John Sullivan at lectern (State Dept./Ron Przysucha)
Deputy Secretary of State John Sullivan co-hosts an event on "The Human Rights Crisis in Xinjiang” on September 24 in New York. (State Dept./Ron Przysucha)

U.S. Deputy Secretary of State John Sullivan called on nations to join the United States in pressuring China to end the cruel, inhumane and degrading treatment of the people of Xinjiang province.

“Too many individuals have suffered at the hands of the Chinese government,” Sullivan said as he co-hosted a September 24 panel discussion at the United Nations in New York.

Sullivan said the panel would “separate truth from fiction when it comes to China’s brutal campaign of repression of Uyghurs, ethnic Kazakhs, ethnic Kyrgyz and other Muslim minority groups in Xinjiang.”

The discussion was sponsored by the United States, Canada, Germany, the Netherlands and the United Kingdom. Thirty-three delegations attended from all regions of the world, including those representing Muslim-majority nations, plus representatives from the United Nations.
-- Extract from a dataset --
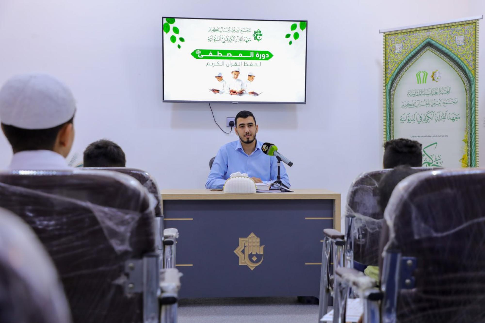 يواصل المَجمَعُ العلميّ للقرآن الكريم في العتبة العبّاسية المقدّسة، جهوده في نشر الثقافة القرآنيّة وتعزيز الوعي الدينيّ، من خلال إقامة دورةٍ لحفظ القرآن الكريم في محافظة الديوانية، وتنظيم محفلٍ قرآنيٍّ في مدينة النجف. وأطلق المَجمَعُ العلميّ دورةً جديدة لحفظ القرآن الكريم بعنوان "دورة المصطفى (صلّى الله عليه وآله)" بإشراف معهد القرآن الكريم/ فرع الديوانية التابع للمَجمَع، وبمشاركة عشرة طلّابٍ تحت إشراف الدكتور سالم الصكري. وقال السيد خالد العبادي من فرع المعهد، إنّ "الدورة تأتي ضمن الجهود الرامية إلى إعداد جيلٍ قرآنيٍّ مؤمنٍ برسالة القرآن الكريم، وتحقيق أهدافه السامية ونشر علومه في أوساط المجتمع"، مشيرًا إلى أنّ "المعهد يواصل برامجه التعليمية والتدريبية في المحافظات كافة، ضمن خطّةٍ متكاملةٍ لنشر الثقافة القرآنية". وفي سياقٍ متّصل، نظّم معهدُ القرآن الكريم في النجف الأشرف التابع للمَجمَع، محفلًا قرآنيًا في ناحية العبّاسية بمناسبة الأيام الفاطمية، وذلك في مضيف معتمد مكتب المرجعية الدينية العُليا. واستُهلّ المحفل بتلاوةٍ عطرة للقارئ محمد علي رشيد، تلتها كلمةٌ لمعتمد مكتب المرجعية الدينية العُليا السيد حسين آل يحيى الموسوي، ثم قدّم الحافظ محمد ضياء أبياتًا شعرية في مدح السيدة الزهراء(عليها السلام)، أعقبها القارئ محمد سعيد العارضي بتلاوةٍ مباركة، ليُختتم المحفل بمجلس عزاءٍ قدّمه الشيخ وسام السبتي.

Side-by-side photos of a lone woman facing uniformed men, men patrolling a street and two grieving women in a crowd (© Ng Han Guan/AP Images)
A Uyghur woman protests before a group of paramilitary police, armed civilians patrol the area outside the bazaar in Hotan, and Uyghur women grieve for their men who were taken away by the government. (© Ng Han Guan/AP Images)

Since April 2017, China has detained more than 1 million ethnic Turkic Muslims in internment camps in Xinjiang. There are credible reports from the camps of deaths, forced labor and torture. In the camps, the Chinese government forces detainees to renounce their ethnic identities, culture and religion.

Countering Chinese government propaganda, Sullivan refuted the idea that the camps in Xinjiang are vocational training centers. “Detainees include accomplished medical doctors and academics, successful business people and other professionals, as well as young children and the elderly,” Sullivan pointed out. “Doctors, professors, and children don’t need job training.”

At the event, three Uyghur survivors of China’s brutal crackdown shared their stories of torture and abuse:

  • Zumrat Dawut, a survivor of the camps, described the torture and abuse she endured at the hands of the Chinese Communist Party.
  • Dr. Rishat Abbas recounted how the Chinese government arrested his sister, Dr. Gulshan Abbas, to punish their family for advocating for Uyghur rights abroad. 
  • Nury Turkel, the chairman of the board of directors of the Uyghur Human Rights Project, detailed his family’s experience with Chinese oppression and talked about the ongoing persecution happening in Xinjiang, including forced marriages and massive surveillance.

Sullivan said, “The U.N. and its member states have a singular responsibility to speak up when survivor after survivor recount the horrors of state repression.”